**DIRECTIONS:** Every line from the first one in the data below through the line holding "ラナンキュラスラックス ウラノス 大人渋いカラーが素敵。" is to be written out exactly, with the pictures omitted.

**DATASET EXTRACT:**
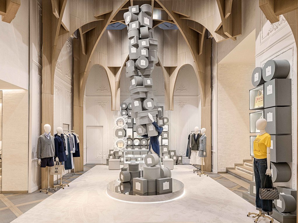 Arşivlere neşeli bir saygı duruşu niteliğindeki bu sürükleyici sahnelemeler, Dior’un ilk butiğinde kullanılan ve ‘Colifichets’ adıyla bilinen kutuları eğlenceli bir biçimde yeniden yorumluyor. 30 Montaigne’in imza grisine gönderme yapan bu kutular, vitrinlere taşıp mekânı dolduruyor ya da üst üste, biraz eğri büğrü kuleler halinde yığılıyor; ip cambazı rolüne bürünen yaramaz ‘bellboy’lar tarafından taşınıyor.
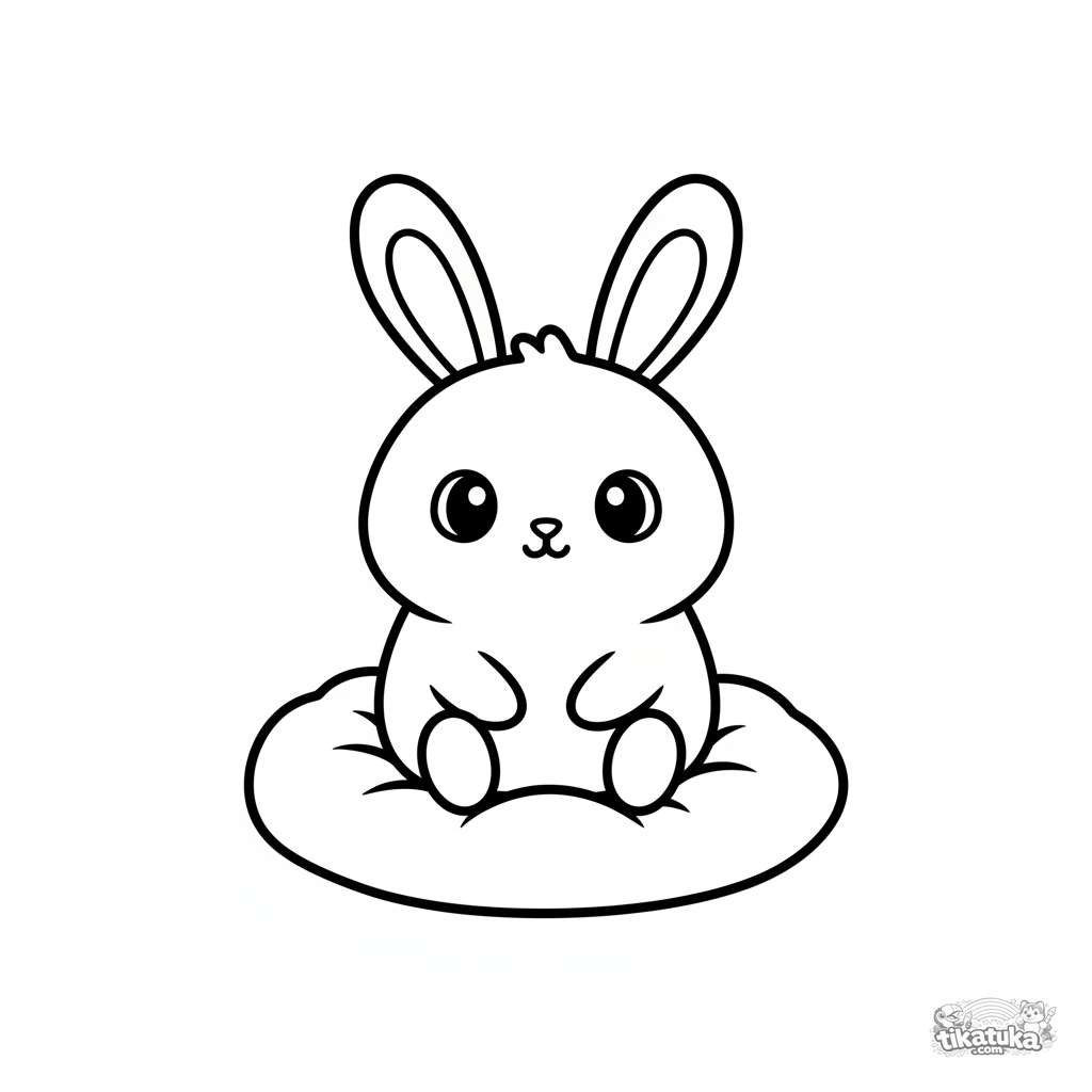 Página para colorear para los más pequeños: un conejo redondo con orejas largas sentado en un cojín. Ojos grandes y amables y un contorno simple para 2-3 años.
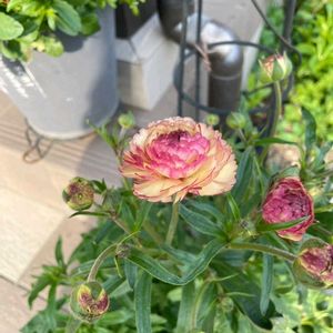 ラナンキュラスラックス ウラノス 大人渋いカラーが素敵。 今季は屋根下に置いてあるので陽当たりがあまりよくないみたいで蕾が少なめです。
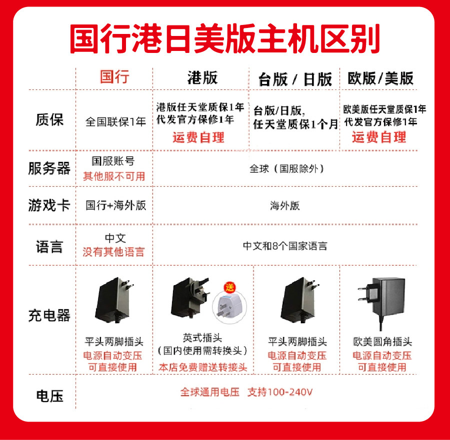 За исключением Национального банка, японская, европейская и гонконгская версии имеют различия только в разъемах, и реальной разницы в использовании нет.

**PROBLEM SOLUTION:**
 Arşivlere neşeli bir saygı duruşu niteliğindeki bu sürükleyici sahnelemeler, Dior’un ilk butiğinde kullanılan ve ‘Colifichets’ adıyla bilinen kutuları eğlenceli bir biçimde yeniden yorumluyor. 30 Montaigne’in imza grisine gönderme yapan bu kutular, vitrinlere taşıp mekânı dolduruyor ya da üst üste, biraz eğri büğrü kuleler halinde yığılıyor; ip cambazı rolüne bürünen yaramaz ‘bellboy’lar tarafından taşınıyor.
 Página para colorear para los más pequeños: un conejo redondo con orejas largas sentado en un cojín. Ojos grandes y amables y un contorno simple para 2-3 años.
 ラナンキュラスラックス ウラノス 大人渋いカラーが素敵。 今季は屋根下に置いてあるので陽当たりがあまりよくないみたいで蕾が少なめです。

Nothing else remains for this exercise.